If only simple living were actually simple. I recently found my way to a website dedicated to this topic. The author suggested those interested in this lifestyle could hire a style consultant to simplify their wardrobes. Then they could sign up for an extensive eight-week course on how to live a simple life. Oh, and I can’t forget the $30 million minimalist house featured prominently on the site. The website made simply living actually look pretty complicated—and expensive.
Katherine, a friend of mine, recently went on a road trip that took her near the house of an acquaintance. Katherine values minimalism and thrift, so she asked if she might stay the night with this woman. She later explained to me: “I only expected a shower and a bed and certainly no more than a bowl of cereal for breakfast. But what I received was a full experience: decadent, home-cooked meals; a collection of new friends; great conversation; and the warming of a soul that only comes with hospitality toward the whole person, perfectly executed.” Katherine sought simplicity, but she received generosity.
What should we do with this simple living paradox: the challenge that, for many of us, living simply takes real work? Even when we attempt the simple lifestyle, we may end up with another experience entirely. I prefer to look at those who were just as baffled some 2,000 years ago. “Not that I am referring to being in need; for I have learned to be content with whatever I have” (Phil. 4:11), wrote the Apostle Paul from his jail cell in Rome. He had just received a gift from the community of the Philippians, with whom he had stayed and to whom he had ministered.

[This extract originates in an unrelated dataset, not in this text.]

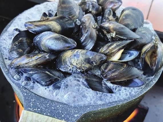 煮淡菜其实简单,洗好的淡菜往锅里一倒,盖上锅盖,开上大火。火苗舔舐着锅底,热气氤氲中,原本闭合的淡菜,一只一只地开启。识别它熟了没有,只需要看它的口子有没有张开就好。

Many scholars scratch their heads in wonder when they see the placement of this expression of gratitude in Paul’s letter to the Philippians way back in its fourth chapter. Why wait until the very end of a letter to acknowledge a gift that was clearly unexpected? Perhaps it’s the same reason that sometimes pushes me to avoid acknowledging gifts I consider uncalled-for, unexpected, and truly generous. Such gifts can disrupt a pursuit of simplicity, upending plans for a minimalist approach.

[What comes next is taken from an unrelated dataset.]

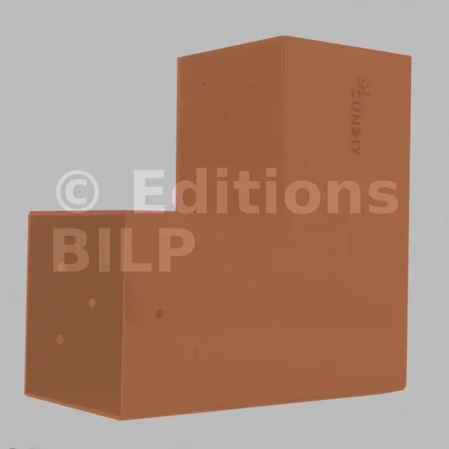Il est utilisé dans un angle extérieur. Ce connecteur va permettre de raccorder une grosse poutre 120x120mm perpendiculairement à une autre poutre ou à un poteau vertical 120x120mm.

Paul was a missionary who would not have typically accepted gifts for himself. In fact, he was about as far from current-day prosperity preachers asking their congregations for funds to purchase a private jet as we can imagine. For Paul, such gifts would have directly contradicted the humility in Christ he pursued, the self-emptying about which he preached.

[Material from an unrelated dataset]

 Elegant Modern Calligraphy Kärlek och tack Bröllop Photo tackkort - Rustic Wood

While simply living is not so simple, it can lead to generosity in many forms: generous giving of time; generous giving of money; generous giving of love; and, eventually, generous thanksgiving. Philippians 4:11 reminds us, however, that complications arise when we attempt to live simply. Epaphroditus, the one who delivered the gift from the Philippians, almost died of illness when he was with Paul. As Paul sought to live simply, Epaphroditus “came close to death for the work of Christ, risking his life to make up for those services that you could not give me” (Phil. 2:30).
Such reminders help to dissuade us from dangerous notions that those who live in poverty have life easy. And yet for those who have much, living simply can become a call to action responding to God’s good and unexpected gifts. As Paul indicates, it is a learning process, a sanctification process, even, of being made holy by the Spirit’s good work in us.
Like Paul, as we focus our living-out of the gospel of Christ, we cannot expect that simply living is easy. Together, though, we may find that with God, simple living is faithful.